#### EXERCISE:
Retype the listing exactly; omit pictures.

#### DATASET EXCERPT:
*** Begin section ***

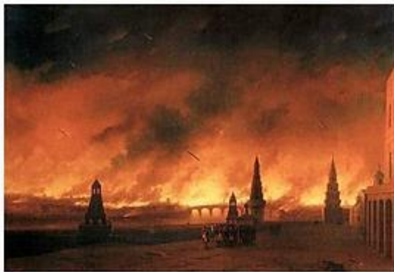
Пожар Москвы 1812 году. Картины неизвестного художника. XIX

В единоборстве с наполеоновскими войсками русские остались непобежденными — таков первый итог Бородинского сражения.
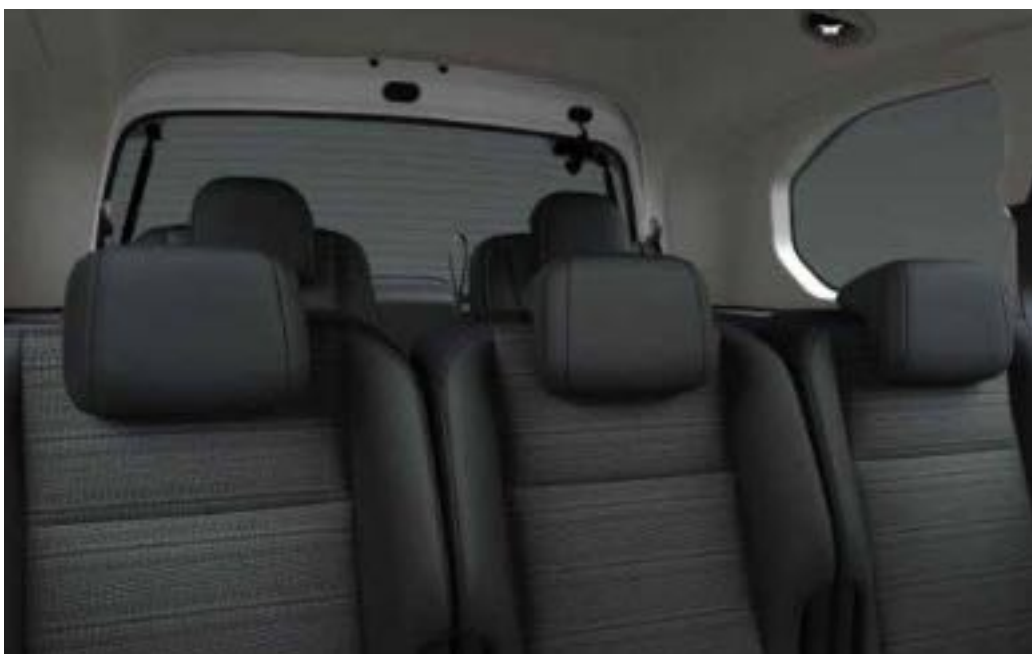
ריפוד בד בצבע אפור משולב עם שחור
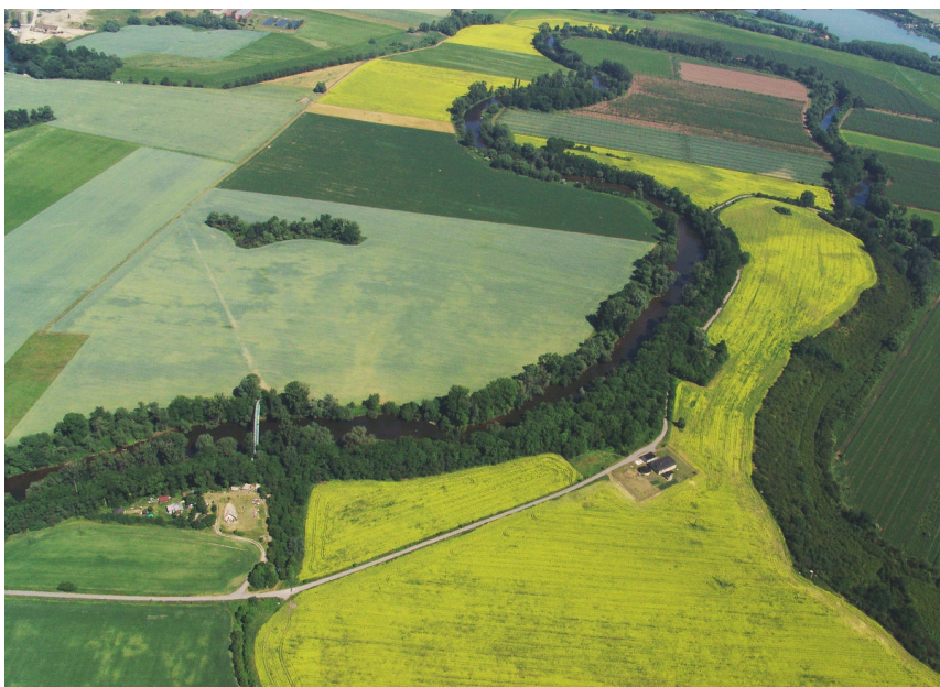
Letecký pohled na skanzen a na meandry řeky Ohře.

*** End section ***

#### TASK ANSWER:
Пожар Москвы 1812 году. Картины неизвестного художника. XIX

В единоборстве с наполеоновскими войсками русские остались непобежденными — таков первый итог Бородинского сражения.
ריפוד בד בצבע אפור משולב עם שחור
Letecký pohled na skanzen a na meandry řeky Ohře.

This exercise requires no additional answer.